Laura's so-called "preview" is based on 2.5 hours of gameplay and talks solely about how the story doesn't live up to her expectations with nary word about gameplay or gameplay mechanics.


Although I agree it's disappointing that they don't explore the ramifications of a young girl taking another human life for the first time, I still would expect a preview to talk about how it plays in comparison to Uncharted or another similar 3rd-person platformer/adventure game in the genre.


It's good to have high expectations but video games are a young medium and Lara Croft used to be a sexy archaelogist who shot at dinosaurs in short-shorts whilst doing 360-flips. I really believe y'all perceptions have been colored by all the controversy surrounding the game that you can't be objective anymore.

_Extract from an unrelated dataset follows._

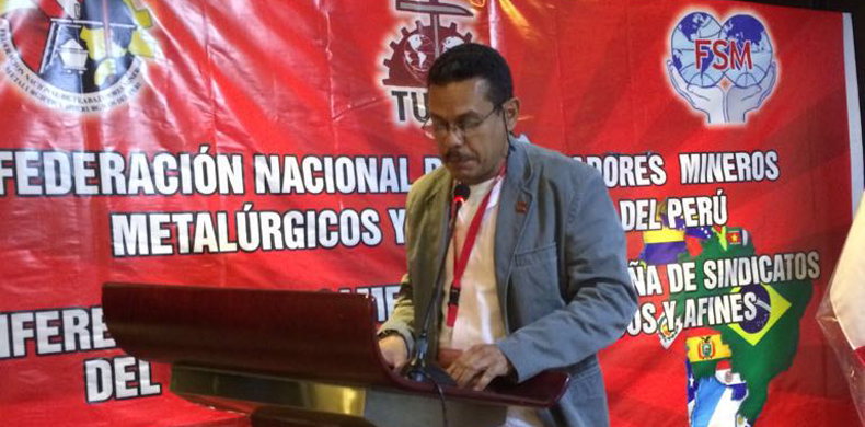 O metalúrgico da Bahia Francisco Sousa, que é secretário-geral da UIS Metal (União Internacional dos Sindicatos de Metalurgia e Mineração), participou do evento, parte do 14º Congresso Nacional Ordinário da Federação Nacional de Trabalhadores Mineiros Metalúrgicos e Siderúrgicos daquela país (FNTMMSP), filiada à Confederação Geral dos Trabalhadores do Peru (CGTP).
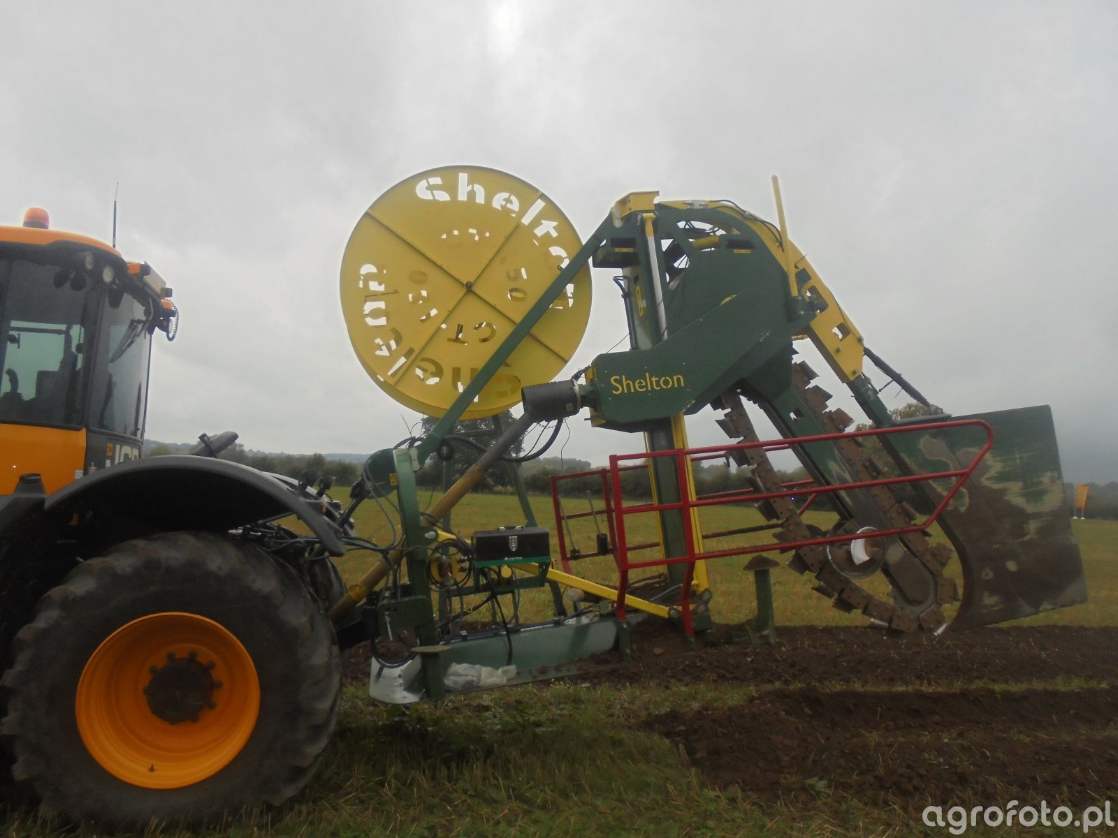Zdjęcie przedstawia ciągnik JCB 4190, będący zaawansowaną maszyną rolniczą. Wyposażony jest w silnik o mocy około 190 KM, co umożliwia efektywne wykonywanie różnorodnych prac polowych. Silnik produkcji JCB o dużej pojemności skokowej zapewnia nie tylko odpowiednią siłę, ale również ekonomiczną pracę. Ciągnik ma zaawansowaną skrzynię biegów, co przekłada się na płynne działanie w każdych warunkach terenowych. Na zdjęciu JCB 4190 pracuje na polu, współpracując z innymi maszynami, co ilustruje jego funkcjonalność i wszechstronność zastosowań w rolnictwie. Znacząca moc oraz wydajność czynią go idealnym wyborem do współpracy z różnymi narzędziami i maszynami wspomagającymi wszelkie operacje rolnicze.

Conveying human emotion is hard enough as it is in film, novel, and interpretive dance. Crystal Dynamics will not win any Academy Awards but how the hell does it play?


^Just some stereo-typical male nonsense up in here. No big.




@Unstable_Fury @HAMMERCLAW xD 


gsbliss 3 Like

 @HAMMERCLAW There was nothing inherently "feminine" about this article.  It was a well written preview, and if you didn't know the gender of the author from the byline I doubt you could ever know it was written by a woman.


Regarding the "adolescent male testosterone and sexual fantasies" you speak of, why don't you give an example of the "stereo-typical nonsense one usually finds" in Gamespot's reporting.  I can't think of a single one, but as you're clearly already on the male-shaming band wagon I'm sure you can name several.


 @gsblissTo whom am I speaking Beavis or Butthead?